In rejecting the argument he indicated that there are other and later portions of the summing?up to be taken into account in which the trial judge not only repeated her direction on the presumption of innocence but charged the jury that the burden was on the State to rebut the presumption to the extent that they could feel sure of the guilt of the prisoner on each of the two counts of indictment.

Later in his judgment at page 206 the Chancellor George said

"However, although this portion of the judge's direction is open to criticism it did not, in my opinion, result in a miscarriage of justice. In coming to this conclustion I adopt and apply the dictum of Lord Goddard C.J. in R v KRITZ (1950) 1 KB 82 which was cited with approval in the case, WALTERS V R (1968) 13 WIR 354 at page 355 where the Chief Justice said:

"It is not the particular formula that matters; it is the effect of the summing?up. If the jury are made to understand that they to be satisfied and must not return a verdict against the defendant unless they feel sure, and that the onus is all the time on the prosecution and not on the defence then whether the judge uses one form of language or another is neither here nor there".

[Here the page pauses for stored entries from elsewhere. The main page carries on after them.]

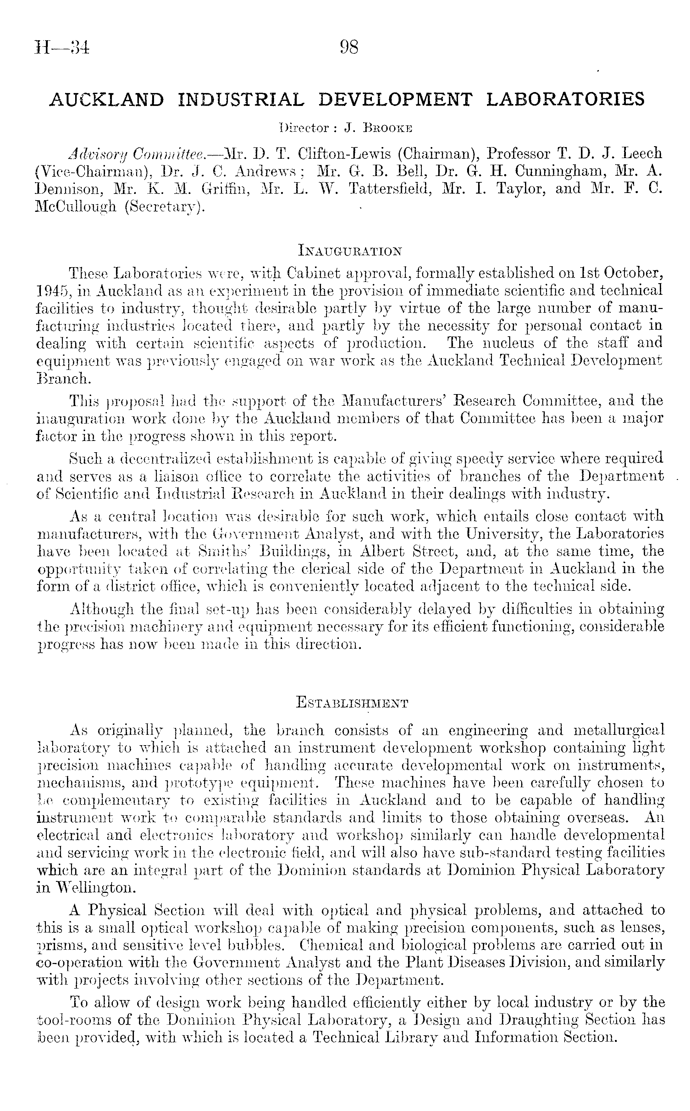 AUCKLAND INDUSTRIAL DEVELOPMENT LABORATORIES Director : J. Brooke Advisory Committee. —Mr. D. T. Clifton-Lewis (Chairman), Professor T. D. J. Leech (Vice-Chairnian), Dr. J. C. Andrews ; Mr. G. B. Bell, Dr. G. H. Cunningham, Mr. A. Dennison, Mr. K. M. Griffin, Mr. L. W. Tattersfield, Mr. I. Taylor, and Mr. P. C. McCullough (Secretary). Inauguration These Laboratories were, with Cabinet approval, formally established on Ist October, 1945, in Auckland as an experiment in the provision of immediate scientific and technical facilities to industry, thought desirable partly by virtue of the large number of manufacturing industries located there, and partly by the necessity for personal contact in dealing with certain scientific aspects of production. The nucleus of the staff and equipment was previously engaged on war work as the Auckland Technical Development Branch. This proposal had the support of the Manufacturers' Eesearch Committee, and the inauguration work done by the Auckland members of that Committee has been a major factor in the progress shown in this report. Such a decentralized establishment is capable of giving speedy service where required and serves as a liaison office to correlate the activities of branches of the Department of Scientific and Industrial Research in Auckland in their dealings with industry. As a central location was desirable for such work, which entails close contact with manufacturers, with the Government Analyst, and with the University, the Laboratories have been located at Smiths' Buildings, in Albert Street, and, at the same time, the opportunity taken of correlating the clerical side of the Department in Auckland in the form of a district office, which is conveniently located adjacent to the technical side. Although the final set-up has been considerably delayed by difficulties in obtaining the precision machinery and equipment necessary for its efficient functioning, considerable progress has now been made in this direction. Establishment As originally planned, the branch consists of an engineering and metallurgical laboratory to which is attached an instrument development workshop containing light precision machines capable of handling accurate developmental work on instruments, mechanisms, and prototype equipment. These machines have been carefully chosen to be complementary to existing facilities in Auckland and to be capable of handling instrument work to comparable standards and limits to those obtaining overseas. An electrical and electronics laboratory and workshop similarly can handle developmental and servicing work in the electronic field, and will also have sub-standard testing facilities which are an integral part of the Dominion standards at Dominion Physical Laboratory in Wellington. A Physical Section will deal with optical and physical problems, and attached to this is a small optical workshop capable of making precision components, such as lenses, prisms, and sensitive level bubbles. Chemical and biological problems are carried out in co-operation with the Government Analyst and the Plant Diseases Division, and similarly with projects involving other sections of the Department. To allow of design work being handled efficiently either by local industry or by the tool-rooms of the Dominion Physical Laboratory, a Design and Draughting Section has been provided, with which is located a Technical Library and Information Section.
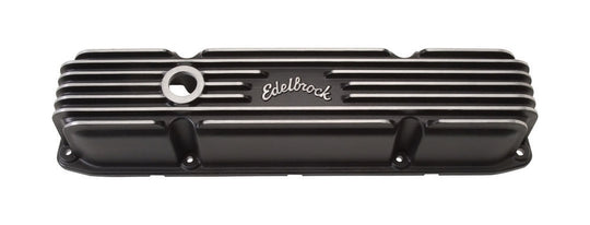 BBM Classic Finned V/C's - Black Valve Cover - Classic - Tall - Breather Hole - Edelbrock Logo - Aluminum - Black Powder Coat - Mopar B / RB-Series - PairRegular price $401.95 -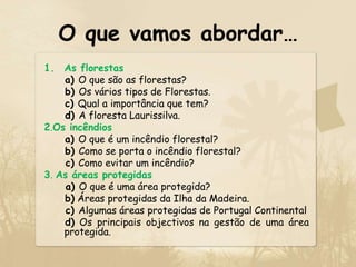 [1] Florestas são ecossistemas com árvores e outros seres vivos que interagem. Existem florestas tropicais, temperadas e boreais. [2] A floresta Laurissilva da Madeira é Património Mundial da UNESCO e abriga espécies como loureiro e til. [3] Incêndios florestais podem ser causados por humanos ou raios, e sua propagação depende de topografia, clima e combustível disponível. É importante evitá-los e proteger as áreas naturais.

As I have said the function of an appellate court is to examine the summing?up as a whole and objectively to determine whether what had been told to the jury leaves them with a clear understanding and appreciation that the burden is on the prosecution to prove its case to their satisfaction so that they feel sure of the guilt of the person charged (see also R v YAP CHYAN CHING (1976) 63 CR App REP 7). And in the present case in determining the adequacy of the summing?up on this issue, this court cannot be unmindful of the number of occasions on which the trial judge had adequately instructed the jury on the approved alternative direction, viz. that they must be satisfied so that they feel sure of his guilt before they can convict the accused on either count. In my opinion therefore, looked at as a whole, the summing up on this issue was adequate".

Complaint is made of the manner in which the learned trial Judge dealt with the burden of proof in so far as it relates to provocation. Having reminded the Jury that the Crown must prove the guilt of the accused he told them that it was not for the accused to prove that he was not provoked. He went on to tell the Jury that the Prosecution must make them sure that the accused was not provoked before they could convict the appellant of murder. He went on to say:

"if you are sure or satisfied that he was so provoked or if you think that he may have been provoked then you can only convict him of manslaughter."

An objective examination of the summing up as a whole indicates that the issue in this case was whether the appellant was acting in self defence or whether he had been provoked. It is clear that the jury was left with the clear understanding and appreciation that the burden of proof was on the prosecution and that they must not convict unless they were satisfied beyond reasonable doubt so that they feel sure of the guilt of the accused.

The Court has come to the conclusion that there has been no substantial miscarriage of justice and that the appeal should be dismissed and conviction and sentence affirmed notwithstanding the defects in the summing up as to the standard of proof.

On receipt of an application dated 17th May, 1999 by Senior Counsel Mr. Simeon Sampson for leave to argue two supplementary grounds of appeal, the application was set down for hearing for Tuesday 15th June, 1999 and Mr. Sampson was so notified.

On the day of the hearing the Court intimated to Counsel that it was minded to grant leave to argue the new grounds, no objection having been raised by the learned Director of Public Prosecutions as to the court's jurisdiction. The Court invited Counsel to present his arguments. At that stage the court was informed by Counsel that he was unable to argue the supplementary grounds as he had merely filed them on behalf of other Counsel.

In the circumstances the court dismissed the application for non prosecution.